LMMs allow systems to process images, respond to visual questions, and gather factual data by merging multiple data types. They have advanced the performance of virtual helpers and AI agents in practical settings. By integrating vision and language channels, these models can describe scenes, interpret diagrams, or match visual cues with text descriptions. Though trained on vast datasets, LMMs tend to miss data that changes or appears after their training cutoff, or that resides behind protected barriers.

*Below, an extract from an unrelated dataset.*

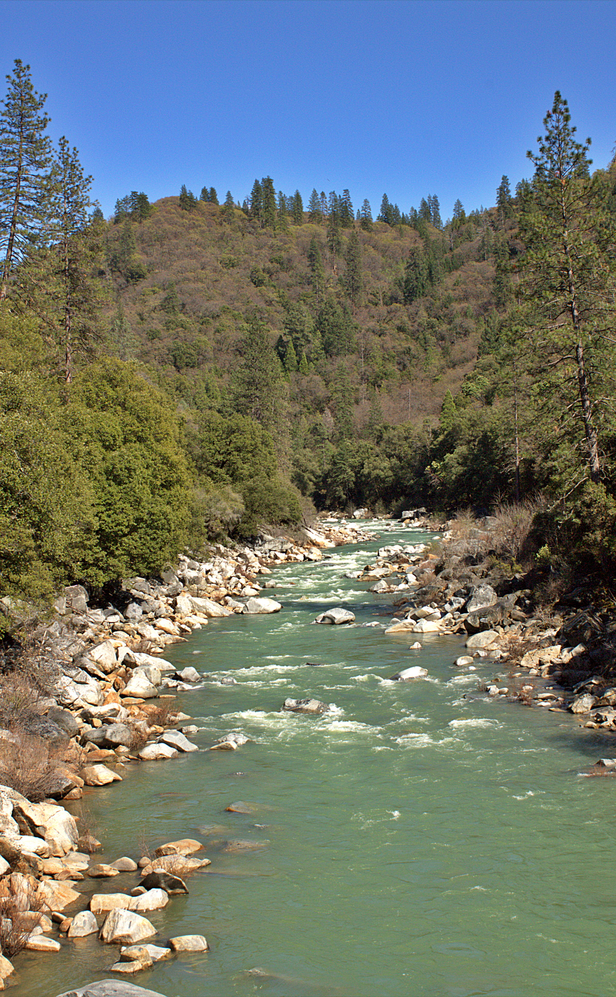 Yuba River — near Purdon Crossing in the Sierra Nevada, California.

A central challenge for existing LMMs is their struggle when queries demand on-the-spot or uncommon details. These systems operate on static training sets and lack mechanisms to incorporate updates seamlessly. When they face novel visual scenes or emerging facts, these models often generate fabricated replies instead of acknowledging gaps or turning to outside resources. This flaw is critical in contexts where precision is crucial, such as inquiries on breaking developments or specific professional domains. Such blind spots undermine trust in these systems and limit their use in tasks requiring fact checks or up-to-date input. Users have reported that misplaced confidence in LMM outputs can result in confusion or flawed decisions in critical scenarios.

Attempts to fix this issue include tools that link models to external repositories. Retrieval-Augmented Generation (RAG) pulls data from fixed archives before crafting responses, and scripted search agents access web content through stepwise reasoning chains. RAG often retrieves a surplus of material and presumes every answer lies in its database. Scripted agents, though able to fetch data, cannot refine their search strategy through experience. RAG systems fetch from static sources at inference time, adding latency and often surfacing irrelevant passages. Without feedback-driven adjustment, scripted agents repeat inefficient patterns or overlook key outlets. This limits their adaptability and prevents smooth operations.

Teams from ByteDance and S-Lab at Nanyang Technological University presented MMSearch-R1, a new design meant to boost LMMs through reinforcement learning. Their framework trains models not only to pull in outside data but also to judge the timing, content, and use of those searches. MMSearch-R1 stands out as the first full-stack reinforcement learning system that drives on-demand, multi-step searches over the live internet. It offers both image and text retrieval tools, each activated by model choice rather than rigid sequencing. Each query logs metadata such as URL, timestamp, and content type, creating a clear record of how and when searches happen. Early trials indicated that this transparency helps debug failures and refine search policies.

At its heart sits Group Relative Policy Optimization (GRPO), a tailored version of the PPO algorithm. The framework uses a reward scheme that promotes correct answers and penalizes needless queries. During each interaction cycle, the model decides whether more input is needed. If so, it selects either text or image search. For instance, it calls SerpApi to fetch the top five matching images or web resources, then relies on Jina Reader and Qwen3-32B to extract and condense pertinent content. Training also enforces a structured reasoning format, which organizes answers, search steps, and retrieved details across back-and-forth exchanges. Reward shaping helps the system learn to balance search depth with answer confidence.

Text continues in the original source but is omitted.